Papers Accepted to CHI LBW and IJHCI!

Congratulations to Neha Rani, Dr. Sharon Lynn Chu, Yvette Williamson, and Sindy Wu for their late-breaking works paper, Curiosity-Inspired learning: Insitu versus Post-Event Approaches to Recall and Reflection, being accepted to the 2021 ACM CHI Virtual Conference on Human Factors in Computing Systems (CHI 2021)! See the abstract below:

We often get questions about the processes and things that we observe in our surroundings, but there exists no practical support for exploring these questions. Exploring curiosity can lead to learning new science concepts. We propose a post-event recall and reflection approach to support curiosity-inspired learning in everyday life. Our approach involves capturing contextual cues during the curiosity moment and later using them for recall and focused reflection.
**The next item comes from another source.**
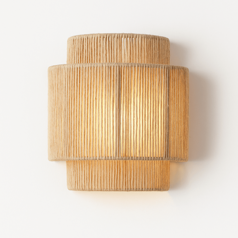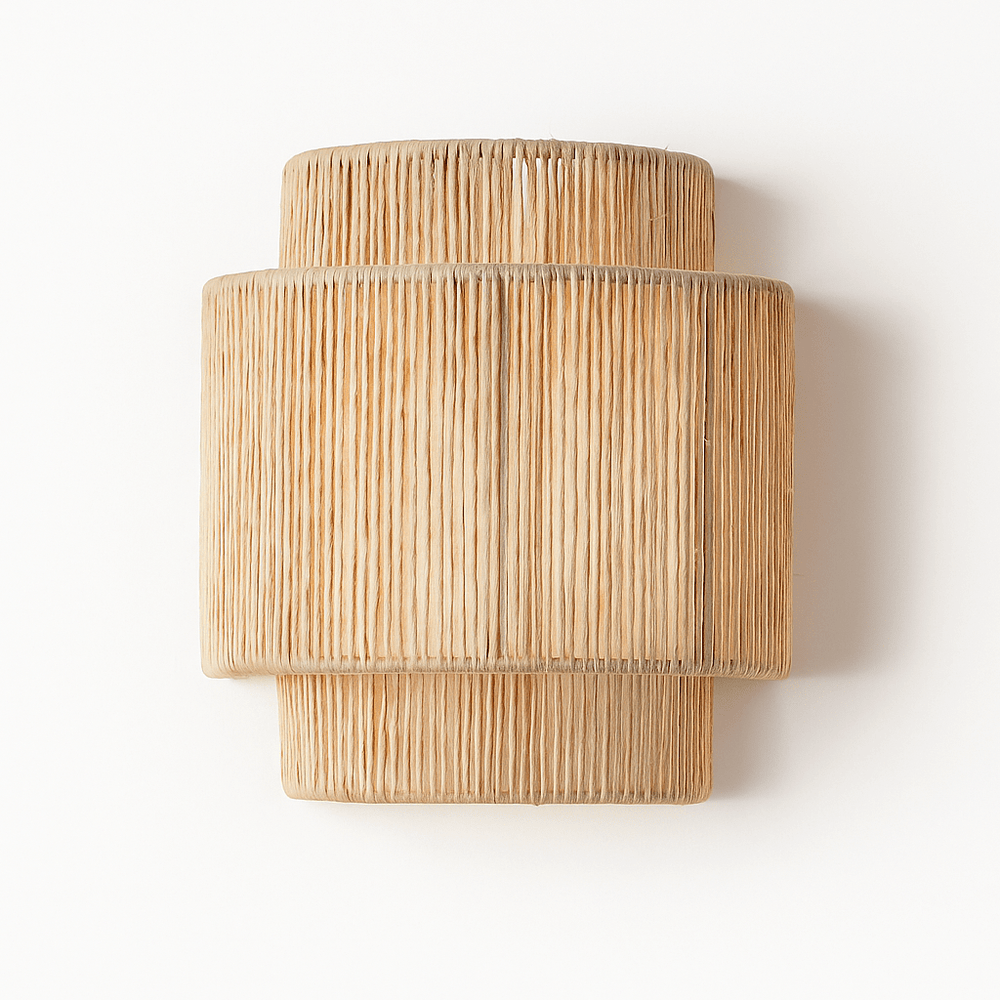 Rassa Wall Lamp is a natural light fixture crafted from bamboo and rattan with hemp rope detailing. Its layered cylindrical design diffuses light through the intricate weave, creating a warm, inviting glow while casting soft patterns on the wall. Perfect for eco-friendly or rustic interiors, this wall-mounted lamp is ideal for living rooms, bedrooms, or cozy nooks, seamlessly blending functionality with organic aesthetics.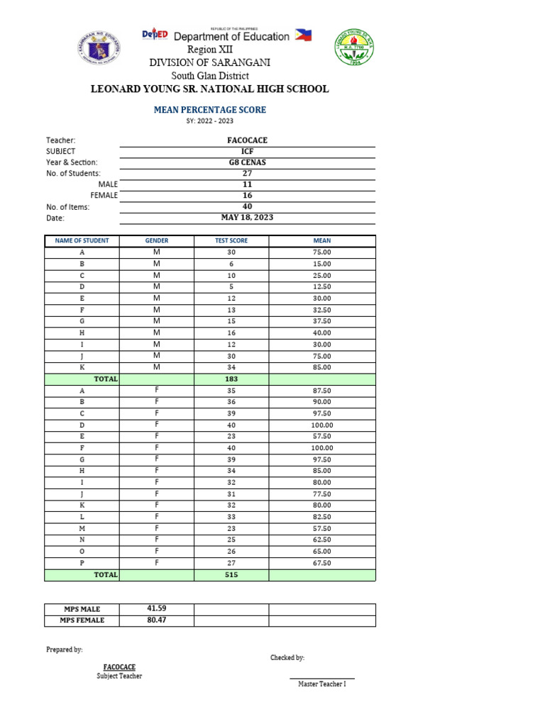 NAME OF STUDENT GENDER TEST SCORE MEAN

Wearables can allow capturing contextual cues in daily life. First, we conducted a preliminary study to explore different cues and their effectiveness in recalling these curiosity moments. Further, we conducted a virtual study to evaluate the amount of exploration through the proposed approach of post-event recall and reflection and compared it with insitu recall and reflection. Results show a significant increase in questions and reflections made with the proposed approach, providing evidence for better learning outcomes from everyday curiosity.

But that’s not all! Neha, Dr. Sharon Lynn Chu, and Qing Li also had their paper, Exploring User Micro-behaviors with Five Wearable Device Types in Everyday Information-seeking Scenarios, accepted to the International Journal of Human-Computer Interaction! See the abstract below:

With advances in areas such as sensors and machine learning, wearable technologies will have increased potential to support our daily lives. Even though today’s landscape of smart wearable devices is highly varied, the real-world adoption of wearables has remained lukewarm. We propose that a key reason is that we currently only have a surface-level understanding of people’s interaction behaviors with wearable devices. A deeper understanding of user behaviors towards different wearable devices will help to inform wearable design for more seamless user experiences. We present an empirical study with 50 participants that explore people’s micro-behaviors towards five types of smart wearable devices (wristband, ring, clip, necklace, glasses) in a lab-based information-gathering context. A micro-analysis of participants’ session videos and interviews showed that people have different behaviors and attitudes in terms of affordances and functionality for different forms of wearables giving rise to a variety of design implications.

Congratulations to Neha and her co-authors!